The Environmental Protection Agency's proposed new rules for mercury reductions would cost about $1.4 billion per year, and would have a negligible impact on public health, says environmental consultant Joel Schwartz.

Two proposals are being considered which would target coal-fired utility boilers for mercury reductions. However, both are costly and the monetary benefits of such reductions are unknown, which even the EPA admits, says Schwartz.

  • The first proposal, based mainly on a cap and trade system, would cost about $1.36 billion per year to the industry, with an estimated cost to society of about $1.6 billion.
  • The second proposal, a two-phase reduction, would cost $2.9 billion in 2010; $3.7 billion in 2015; and $4.9 billion in 2020; with equal social and control costs.

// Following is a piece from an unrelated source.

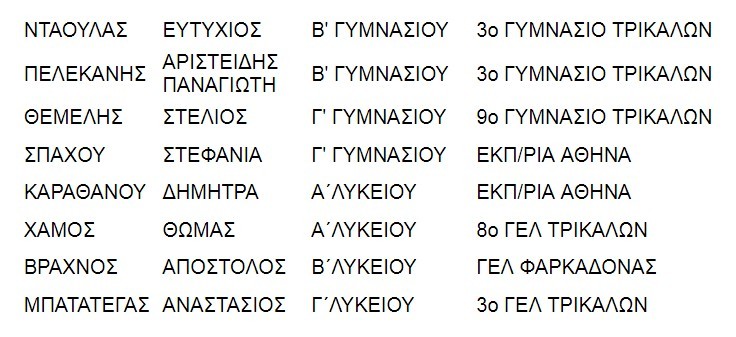 Τους ευχόμαστε καλή επιτυχία και στην επόμενη φάση του διαγωνισμού, την 37η Εθνική Μαθηματική Ολυμπιάδα «Ο ΑΡΧΙΜΗΔΗΣ», που θα διεξαχθεί στην Αθήνα, το Σάββατο 22 Φεβρουαρίου 2020, στο κτίριο του Νέου Χημείου, οδός Ναυαρίνου 13Α, μεταξύ Μαυρομιχάλη και Χαρ. Τρικούπη στις 09.00 – 12.00 π.μ..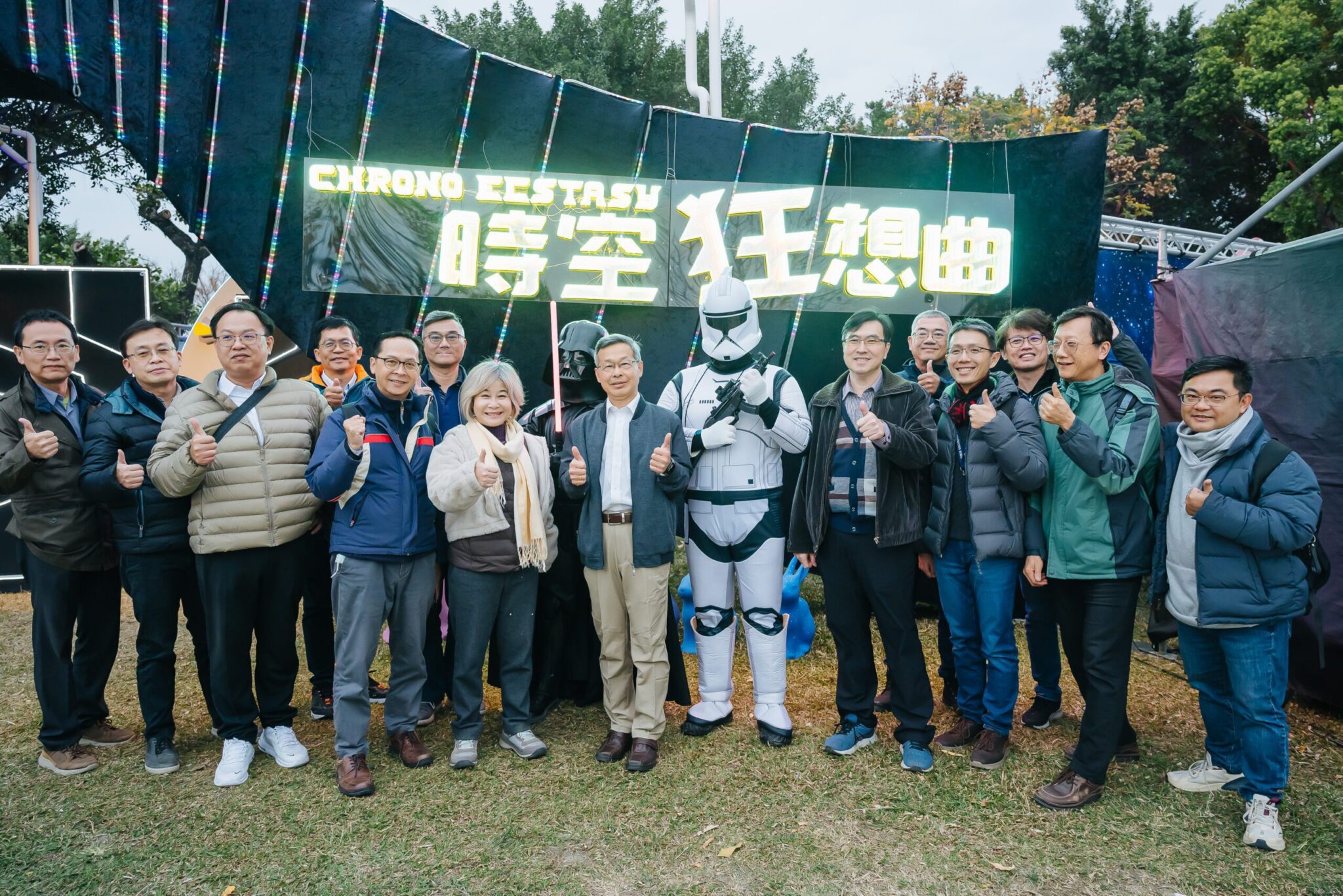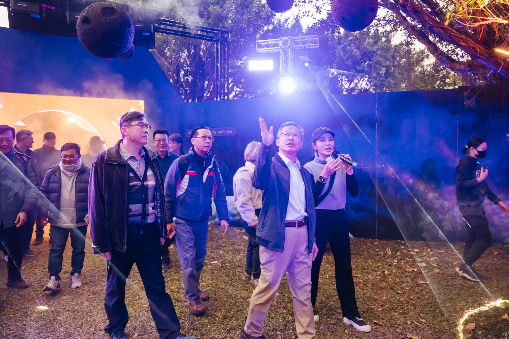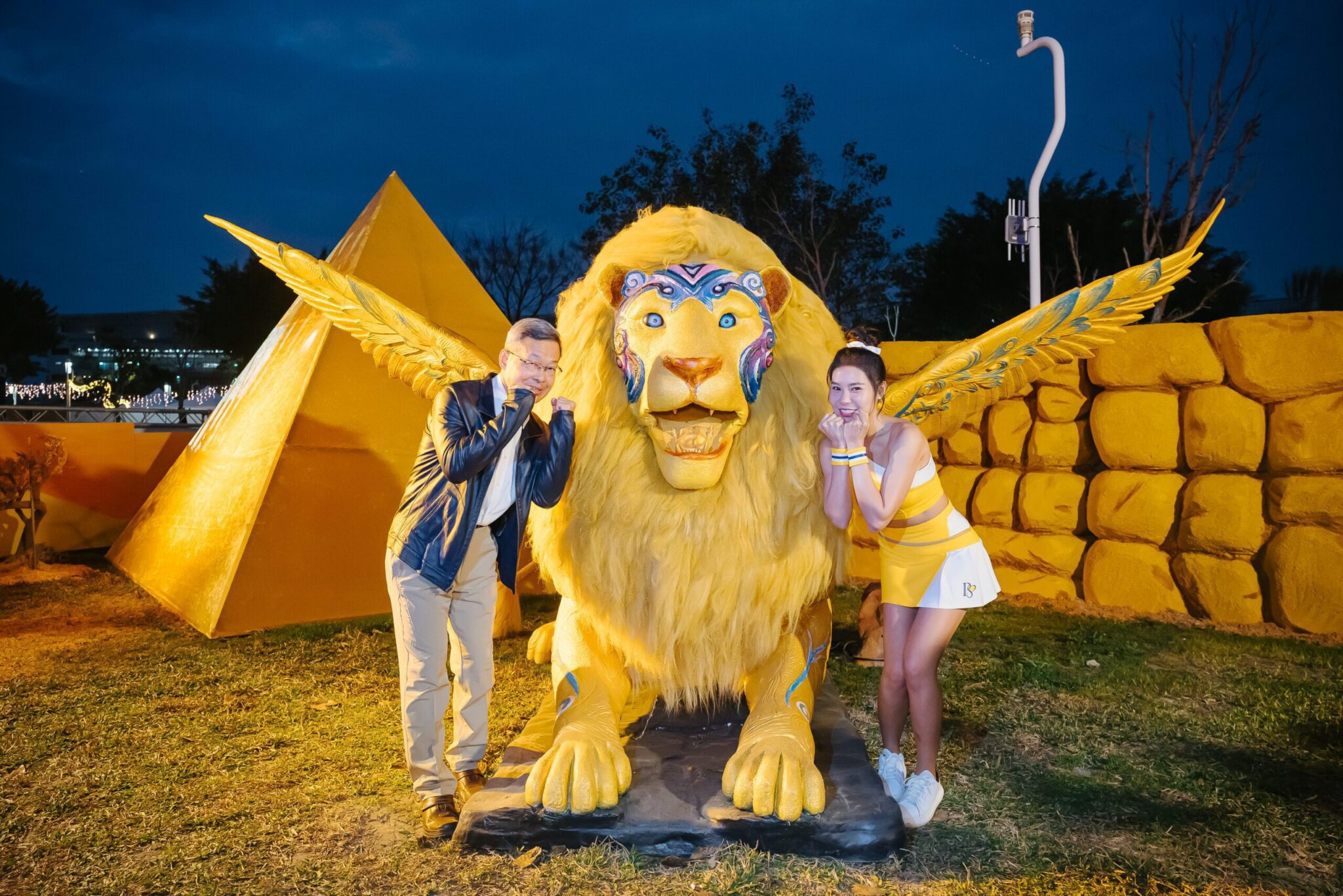 陳局長進一步說明,進入展區後,首先穿越「星際艙門」,步入「時空啟航」區,彷彿置身無重力夢境,漂浮行星環繞四周;接著,經過光束過道,即可走進霓虹閃耀的星際酒吧,與星際DJ及神秘宇宙人一同合影打卡,感受奇幻氛圍;再穿越銀河金字塔,可來到「黃金傳說燈區」,威武的守護獅與太陽神徽章守護著旅人。燈區內展品多由工匠團隊手工打造,重現星際沙漠場景,並結合動物精靈與沙漠時尚動物等元素,帶來獨特視覺饗宴。

However, the benefits are questionable, particularly in light previous studies examining the effects of mercury exposure to mothers and children on the Faroes Islands and the Seychelles, says Schwartz:

  • Based on the Faroes study, a total elimination of mercury emissions in the United States would improve children's health minimally: Children in the 10th percentile on neurological and cognitive test scores would move to between 10.3 and 10.6 percentiles, at best.
  • A study of children in Seychelles indicated no harm from mercury exposure, even though their mercury exposure was greater than the most highly-exposed Americans.
  • Furthermore, the new rules assume a one-to-one correspondence between mercury emissions and mercury levels in freshwater fish; but more likely fish mercury levels would decline by less than half of the amount of mercury depositions reductions.